Плантация Фонтейнов называлась «Мимозой» — из-за купы деревьев, которая окружала крашеный бледно-желтой краской оштукатуренный дом. Похожие на перышки фламинго розовые цветы к концу лету увяли, но игольчатые, напоминавшие по своему виду папоротник листики все еще были ярко-зелеными, покрывая ветки деревьев. Они танцевали на легком ветерке, отбрасывая изменчивые тени на дом цвета топленого молока, а усадьба казалась теплой и приветливой в косых лучах низко стоявшего солнца.
«О, я надеюсь, Тони не слишком изменился», — подумала Скарлетт нервозно. Семь лет — такой долгий срок. Ее ноги подкосились, когда Уилл помог ей спрыгнуть с повозки. А вдруг Тони выглядит старым и усталым — нет! — побежденным, как Эшли. Этого бы она не перенесла. Она, помедлив, пошла за Уиллом и Сьюлин по направлению к входу в здание.
Тут дверь раскрылась с шумом — ее ожиданиям не суждено было сбыться. «Кто тут вышагивает, как будто все идут в церковь? Почему не кинуться навстречу, приветствуя героя, который вернулся домой?» Тони смеялся, ее голос был исполненным радости в точности, как раньше, его волосы и глаза сохранили свой яркий черный цвет, а его улыбка была столь же сияющей и озорной.
— Тони! — закричала Скарлетт. — Ты совсем не изменился.
— Ты ли это, Скарлетт? Иди, поцелуй меня. И ты, Сьюлин. В отличие от Скарлетт, ты не была щедра на поцелуи в те дни, но Уилл, наверно, научил тебя хоть чему-то после свадьбы! Я намерен перецеловать всех особ женского пола старше шести лет во всем штате Джорджия, раз я вернулся!
Сьюлин нервно хихикнула и посмотрела на Уилла. Он ответил слабой улыбкой на спокойном худом лице, что означало разрешение. Но Тони и не собирался ждать этого — он обхватил ее располневшую талию и громко чмокнул в губы. Сьюлин вся раскраснелась от смущения и радости, когда Тони наконец отпустил ее. Дерзкие братья Фонтейны уделяли Сьюлин мало внимания в довоенное время красавиц и кавалеров. Уилл обнял ее за плечи.
— Скарлетт, милая, — вскричал Тони, распростерши объятия. Скарлетт шагнула к нему и обеими руками ухватилась за его шею.
— Как ты сильно вырос в Техасе! — воскликнула она. Тони смеялся, охотно целуя ее подставленные губы. Потом он задрал штанину, показав ботинок на высоком каблуке. «Все в Техасе становятся выше ростом, — сказал он, — я бы не удивился, если бы узнал, что это местный закон».
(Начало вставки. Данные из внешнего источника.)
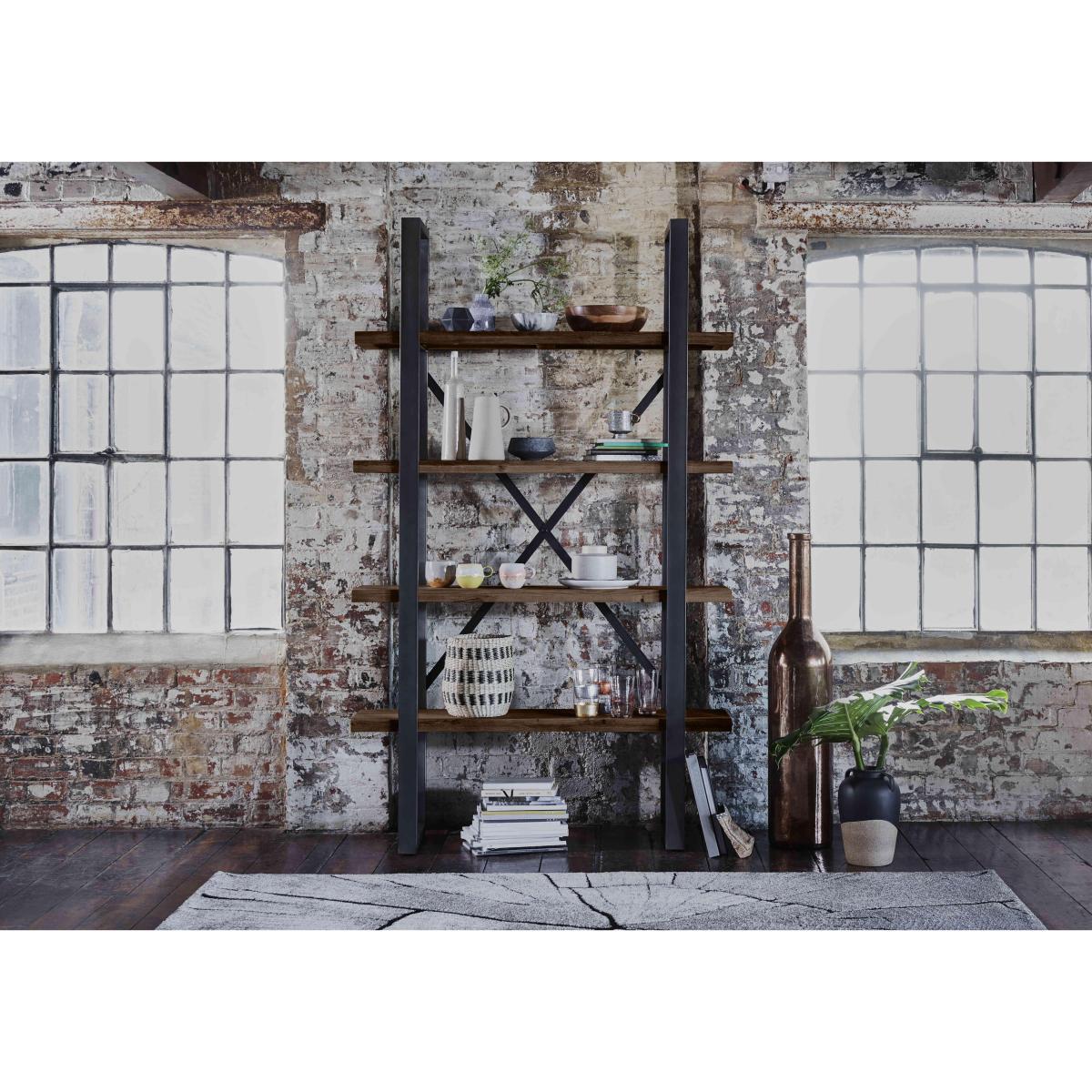 If you’re a fan of our popular Earth collection, you’ll love our Mars range. Like Earth, Mars delivers cool industrial design with plenty of beautiful solid oak and veneer surfaces and sturdy metal bases. It also offers a really extensive selection of dining room and living room furniture at fantastic-value pricing that makes it so easy to bring home on-trend urban style for less. The Mars difference? A distinctive dark oak finish that strikes the perfect balance between modern rustic design and sophisticated interior style. It’s a contemporary aesthetic that looks fabulous in all kinds of spaces. Only at Furniture Village. This is storage that makes a statement. With its solid oak shelves and bold black metal frame, this open shelving unit is stylish as well as practical. Why you'll love it. Storage takes centre stage in this on-trend open shelving unit. Contemporary industrial style at a truly exceptional price. With 4 real oak shelves, every unit is a one of a kind. Solid oak shelves have a characterful dark wire-brushed and oiled finish. Sturdy black metal frame. Only at Furniture Village. This open shelving unit is part of the Mars range. What you need to know. Shelves are fixed. As oak is a natural material, knots and markings are to be expected. Avoid placing in direct sunlight, and take care to use coasters and placemats. To preserve the finish, apply an invisible buffing wax every six months. WARNING!. Furniture can tip over unexpectedly and cause injury. This item must be fixed to a wall using the anti-tip kit provided. Be sure to use the correct wall fixings suitable for the walls in your home. Furniture Village is not able to fix anti-tip devices for you. Seek professional advice if you are unsure.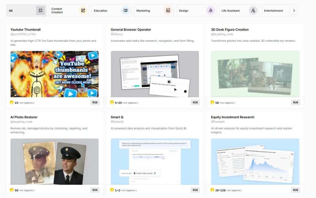 - 海量AI代理聚合 覆盖数百个细分领域的AI代理,包括但不限于:智能客服、文案生成、代码编写、数据分析、市场预测、多语言翻译、图像/视频生成等,满足从个人创作者到大型企业的多样化需求。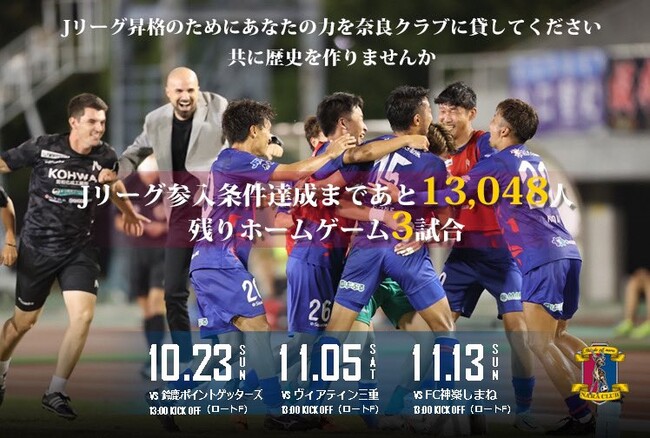 Jリーグ参入条件である観客動員数達成まで13,048人。

Поверх плеча Тони улыбался Алекс Фонтейн. «Вы услышите о Техасе столько, сколько словами не передать, — произнес он нараспев. — Если, конечно, Тони позволит вам войти в дом. Об этом он как-то забыл. В Техасе они все жили вокруг костров и под звездным небом вместо того, чтобы иметь крышу над головой». При этом Алекс сиял от счастья. «Он смотрит так, словно сам готов обнять и расцеловать Тони, — подумала Скарлетт, — а почему бы и нет? Они были не просто братьями, а близкими друзьями, пока росли. Думаю, Алекс страшно скучал по брату». И внезапные слезы брызнули у нее из глаз. Бурное возвращение Тони домой было первым радостным событием в округе с тех пор, когда солдаты Шермана опустошали Джорджию и грабили людей. Скарлетт даже не понимала, как реагировать на счастье.
Жена Алекса, Салли, взяла ее за руку, и Скарлетт вошла в неприбранную гостиную. «Я знаю, что ты переживаешь сейчас, Скарлетт, — прошептала она. — Мы почти уже забыли, как радоваться. Сегодня в доме больше смеха, чем за последние десять лет вместе взятых. Сегодня мы будем бить в колокола!» Глаза Салли были тоже полны слез.
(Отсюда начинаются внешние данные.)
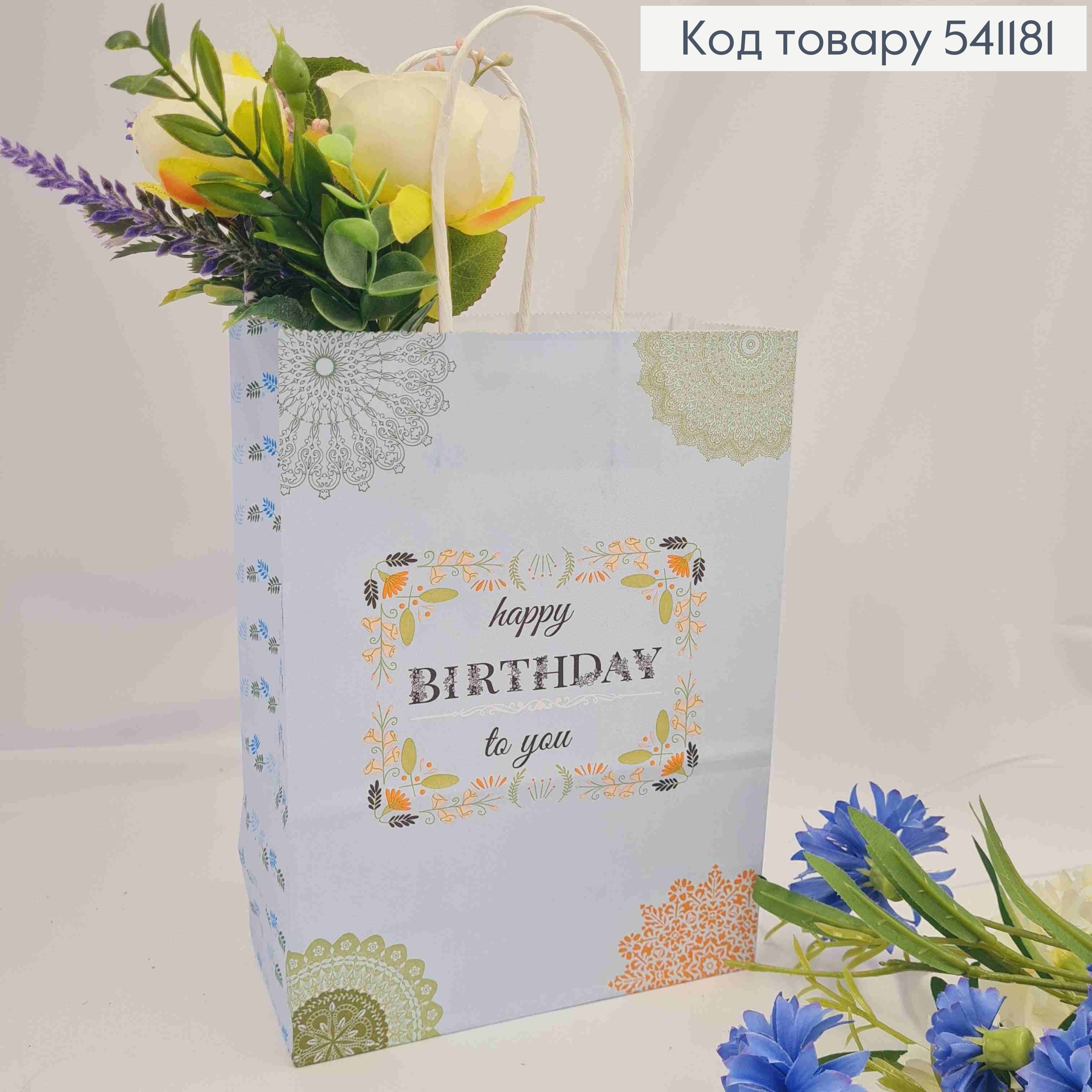 Пакет крафтовый, 16*22*8см, Голубой с надписью "Happy birthday"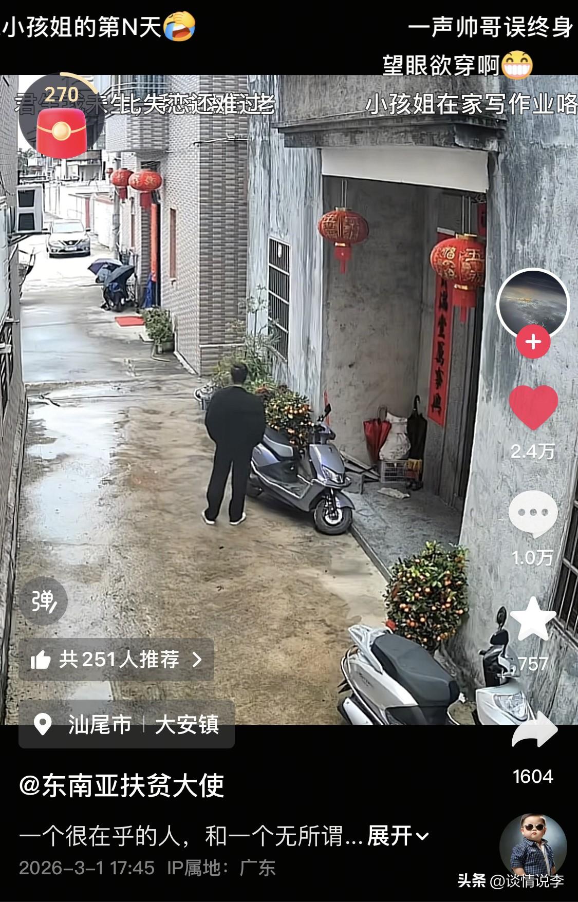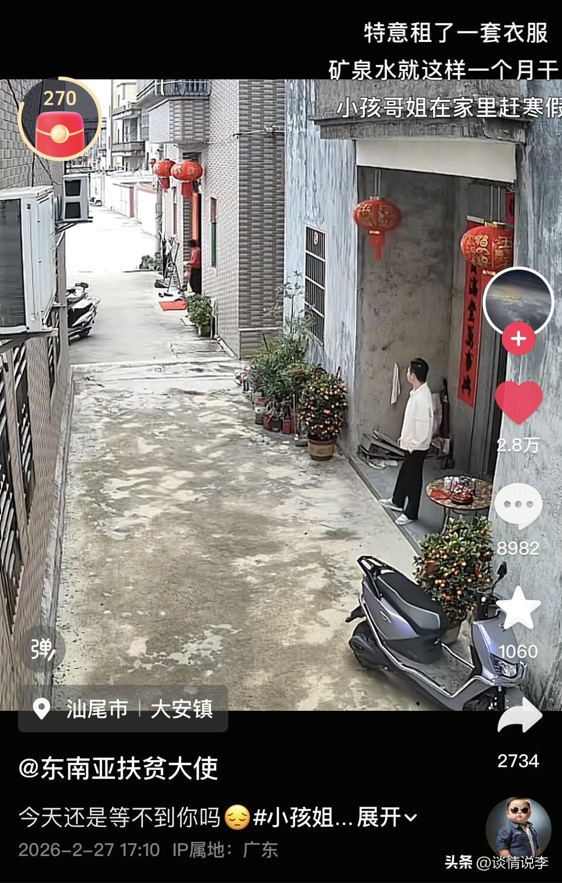 小孩姐的一声“帅哥”,让男子彻底迷失了自我。 这是正月初八的傍晚,广东汕尾市一男子站在自己家门口,好像在等什么,也许,他是在等冥冥中的一个天意。 过了一会儿,从巷尾传来欢声笑语。是三个小孩姐骑着自行车在追逐快乐。 前面一个小孩姐骑着自行车摇摇晃晃地经过男子面前,出其不意地,她的车子晃了一晃,她对着男子脱口而出:“帅哥!” 然后,她连一秒钟也没有停留,继续快乐地骑车远去。巷子里,传来三个小孩姐欢快的声音,余音袅袅。 小孩姐万万没有想到呀,她这一声“帅哥”,让男子彻底迷失了自我。男子沉浸在这一声“帅哥”中无法自拔,拿起矿泉水瓶,战术性地喝水,而他的嘴角,就连AK都压不住呀压不住。 接下来发生的事情,让人有点莫名的“心酸”。 为了小孩姐的一声“帅哥”,男子赶紧回家调监控,把这段视频接下来发布到个人账号上,因为他这辈子还没被人夸过呀,必须发出来呀。 男子还非常听话,听网友的,他在门口摆了一张桌子,放上了牛奶水果零食还有红包,他甚至还去服装店买了一身新的行头,把自己每天打扮得板板正正地,在几乎相同的时间段,在家门口出现,就为了等那个喊他“帅哥”的小孩姐。 只是,有些人,一旦错过,就是一辈子。 男子等啊等等啊等,却再也没能等来那个“调戏”他的小孩姐。 他从朗朗晴天,等到了雨丝缠绵。 他从正月初八,等到了正月十四。 有人在等雨停,有人在等伞,他在等什么呢?

Потом колокола начали звонить. Прибыли Тарлетоны. «Благодари небеса, что ты вернулся целым и невредимым, мой мальчик, — сказала Беатриса Тарлетон вместо приветствия. — Ты можешь взять в жены любую из трех моих дочек. У меня пока всего один внук, а я не становлюсь моложе».
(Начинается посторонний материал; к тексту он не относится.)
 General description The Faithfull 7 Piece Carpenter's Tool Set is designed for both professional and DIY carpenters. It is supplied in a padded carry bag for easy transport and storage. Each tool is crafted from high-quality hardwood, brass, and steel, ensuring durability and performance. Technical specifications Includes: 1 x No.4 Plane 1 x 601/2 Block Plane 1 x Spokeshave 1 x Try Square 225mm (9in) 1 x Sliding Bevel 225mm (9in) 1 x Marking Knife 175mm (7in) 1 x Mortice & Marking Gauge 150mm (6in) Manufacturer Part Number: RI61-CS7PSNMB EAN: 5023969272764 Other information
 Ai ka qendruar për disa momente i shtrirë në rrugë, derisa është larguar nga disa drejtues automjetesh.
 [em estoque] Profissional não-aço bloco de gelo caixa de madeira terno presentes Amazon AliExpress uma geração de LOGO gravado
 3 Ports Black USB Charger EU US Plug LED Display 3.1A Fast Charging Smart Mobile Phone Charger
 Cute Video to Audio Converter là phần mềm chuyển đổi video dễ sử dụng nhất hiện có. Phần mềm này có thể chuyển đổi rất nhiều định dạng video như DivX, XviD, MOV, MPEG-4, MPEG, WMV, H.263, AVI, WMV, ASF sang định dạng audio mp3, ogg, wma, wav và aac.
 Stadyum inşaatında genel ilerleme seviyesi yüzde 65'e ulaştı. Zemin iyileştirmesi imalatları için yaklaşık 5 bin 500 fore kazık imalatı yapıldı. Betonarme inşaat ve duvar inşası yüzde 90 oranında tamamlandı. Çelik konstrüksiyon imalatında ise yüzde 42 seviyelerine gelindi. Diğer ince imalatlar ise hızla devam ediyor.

«О, ма! — хором простонали Хетти, Камилла и Миранда Тарлетон. А потом рассмеялись. Любимый конек их матери, скрещивать лошадей и венчать людей, был слишком хорошо известен в округе, чтобы они могли изображать удивление. Но Тони весь стал пунцовым».
Скарлетт и Салли расхохотались.
Беатриса Тарлетон настаивала на том, чтобы, пока солнце не зашло, все посмотрели коней, которых Тони привел из Техаса, и спор о преимуществах восточных полукровок перед западными мустангами полыхал, пока все остальные не запросили пощады. «И выпить, — сказал Алекс. — Я даже отыскал немного настоящего виски вместо домашнего вина».
Скарлетт мысленно пожалела — и не в первый раз, — что выпивка была развлечением, доступным только для мужчин, а не для леди. Она бы с удовольствием хлебнула виски. И более того, Скарлетт бы с удовольствием разделила общество с мужчинами, вместо того, чтобы быть изгнанной из их компании в дамскую часть комнаты, с этими женскими разговорами о младенцах и домашнем хозяйстве. Она никогда не понимала и не принимала традиционного разделения полов. Но это было принято, так было всегда, и она смирилась. По крайней мере, она может развлечься, наблюдая, как сестрички Тарлетон притворяются, что не думают так же, как их мать: «О, если бы Тони хоть посмотрел на нас вместо того, чтобы по уши уйти в мужскую беседу!»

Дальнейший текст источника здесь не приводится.